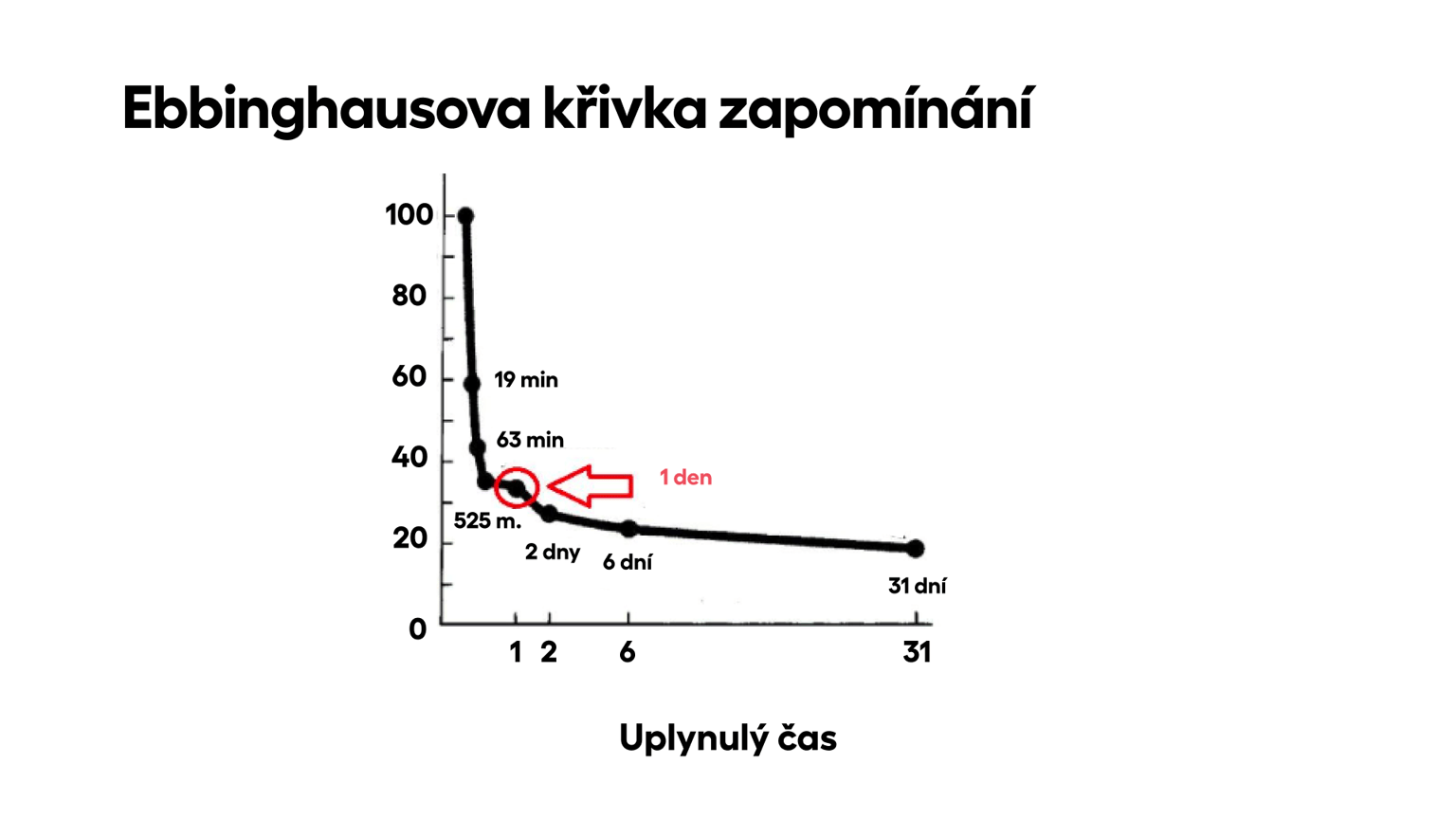 Pokud jste cvičení zvládli, gratulujeme!  Pokud ne, tady je cena útěchy v podobě Ebbinghausovy křivky zapomínání.
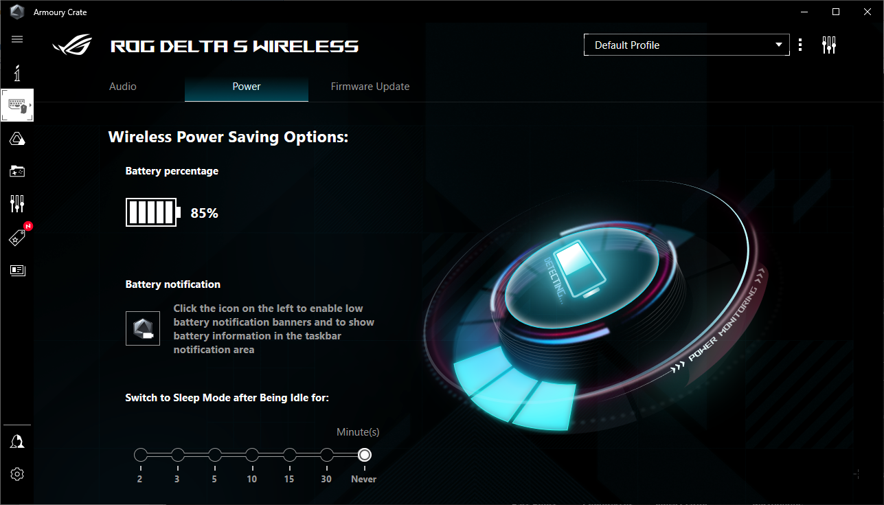ASUS ROG Delta S Wireless — это, в первую очередь, игровая гарнитура. Поэтому не стоит от нее ждать чистоты звука на уровне хороших проводных наушников для аудиофилов. Но и для прослушивания музыки она вполне подходит. 50-мм динамики с закрытыми акустическими камерами обладают достаточным запасом мощности и неплохим качеством. На минимальном уровне громкости детали звука не теряются. А на максимальном нет гудения или щелчков динамиков. Частотный диапазон сбалансирован, без ярко выраженных низов или верхов. Если требуется другие настройки, к услугам пользователя есть программное обеспечение с эквалайзером и разными сценариями звуковой сцены. В целом качество звучания в играх, фильмах, музыке и воспроизведении голоса хорошее. Оптимальный уровень громкости, чтобы не наносить вред ушам находится в районе 60%. По позиционированию виртуального пространственного звука 7.1 все также хорошо, хотя позиционирование источника звука сзади недостаточно выражено, как на мой вкус. В целом, беспроводной звук работает стабильно, без отпадения и пауз. Если при воспроизведении потоковой музыки иногда происходят щелчки, попробуйте переместить передатчик чуть поодаль других беспроводных источников. Помехи от Wi-Fi роутера вполне возможны.
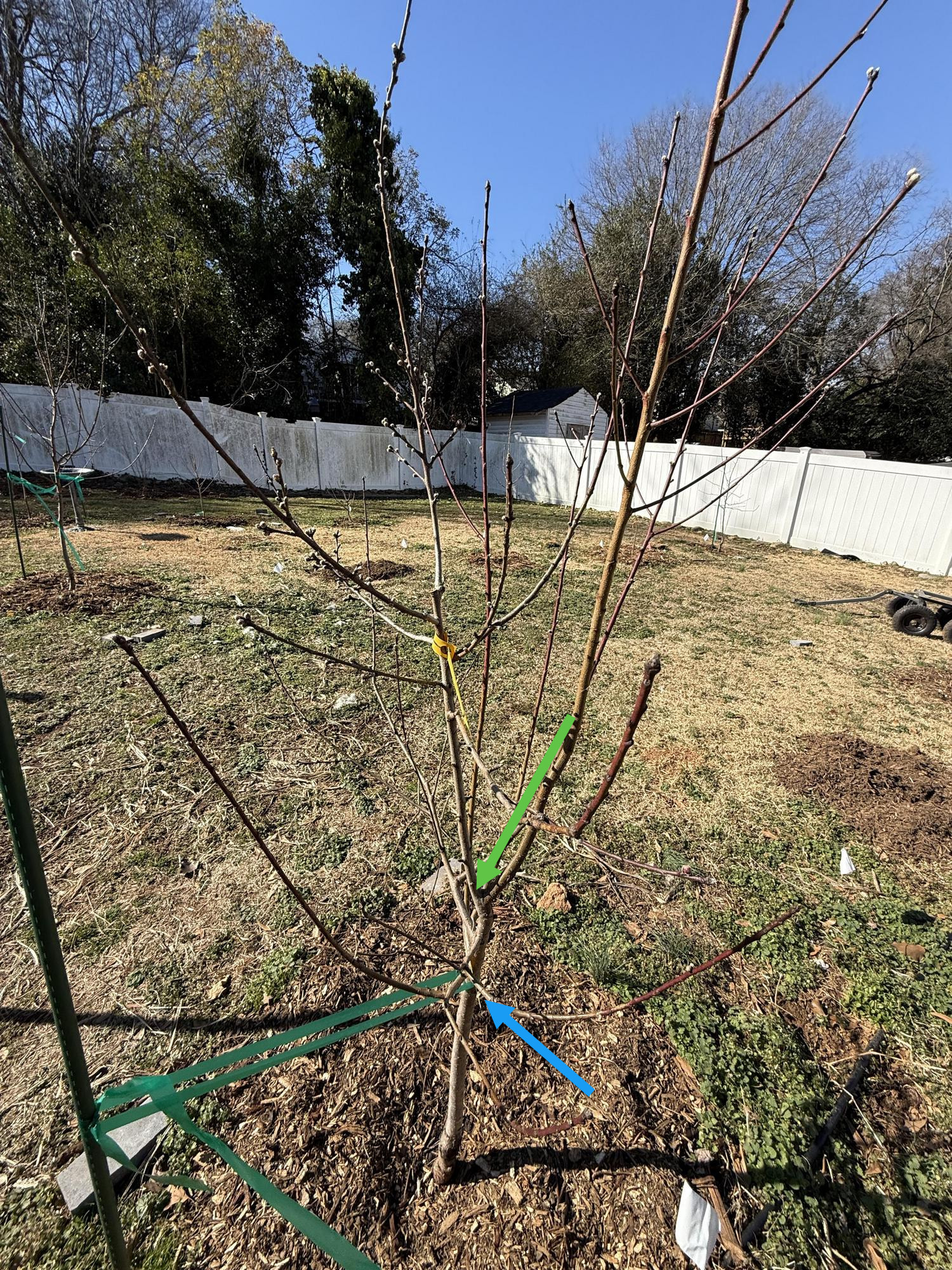 How it looks now, just under 1 year later, im left wondering should i even prune it at green where i wanted to now or leave it as modified central leader?
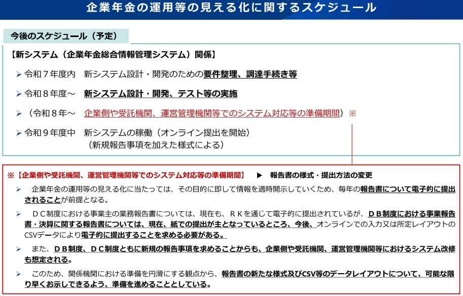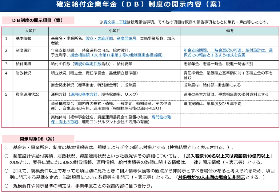 確定給付企業年金は、加入100人以上または資産10億円以上の加入者数や給付件数・額、予定利率、積立金、資産構成割合などを開示。一方、企業型確定拠出年金は対象者10人未満を非開示とし、加入者数や掛金総額、元本確保型の有無、運用資産額、離職者に占める自動移換率などを明示する方針だ。

════════════════════

Exercise brief =>
When copying the listing, skip the pictures and keep each line exactly as written.

Reply =>
 Pokud jste cvičení zvládli, gratulujeme!  Pokud ne, tady je cena útěchy v podobě Ebbinghausovy křivky zapomínání.
ASUS ROG Delta S Wireless — это, в первую очередь, игровая гарнитура. Поэтому не стоит от нее ждать чистоты звука на уровне хороших проводных наушников для аудиофилов. Но и для прослушивания музыки она вполне подходит. 50-мм динамики с закрытыми акустическими камерами обладают достаточным запасом мощности и неплохим качеством. На минимальном уровне громкости детали звука не теряются. А на максимальном нет гудения или щелчков динамиков. Частотный диапазон сбалансирован, без ярко выраженных низов или верхов. Если требуется другие настройки, к услугам пользователя есть программное обеспечение с эквалайзером и разными сценариями звуковой сцены. В целом качество звучания в играх, фильмах, музыке и воспроизведении голоса хорошее. Оптимальный уровень громкости, чтобы не наносить вред ушам находится в районе 60%. По позиционированию виртуального пространственного звука 7.1 все также хорошо, хотя позиционирование источника звука сзади недостаточно выражено, как на мой вкус. В целом, беспроводной звук работает стабильно, без отпадения и пауз. Если при воспроизведении потоковой музыки иногда происходят щелчки, попробуйте переместить передатчик чуть поодаль других беспроводных источников. Помехи от Wi-Fi роутера вполне возможны.
 How it looks now, just under 1 year later, im left wondering should i even prune it at green where i wanted to now or leave it as modified central leader?
 確定給付企業年金は、加入100人以上または資産10億円以上の加入者数や給付件数・額、予定利率、積立金、資産構成割合などを開示。一方、企業型確定拠出年金は対象者10人未満を非開示とし、加入者数や掛金総額、元本確保型の有無、運用資産額、離職者に占める自動移換率などを明示する方針だ。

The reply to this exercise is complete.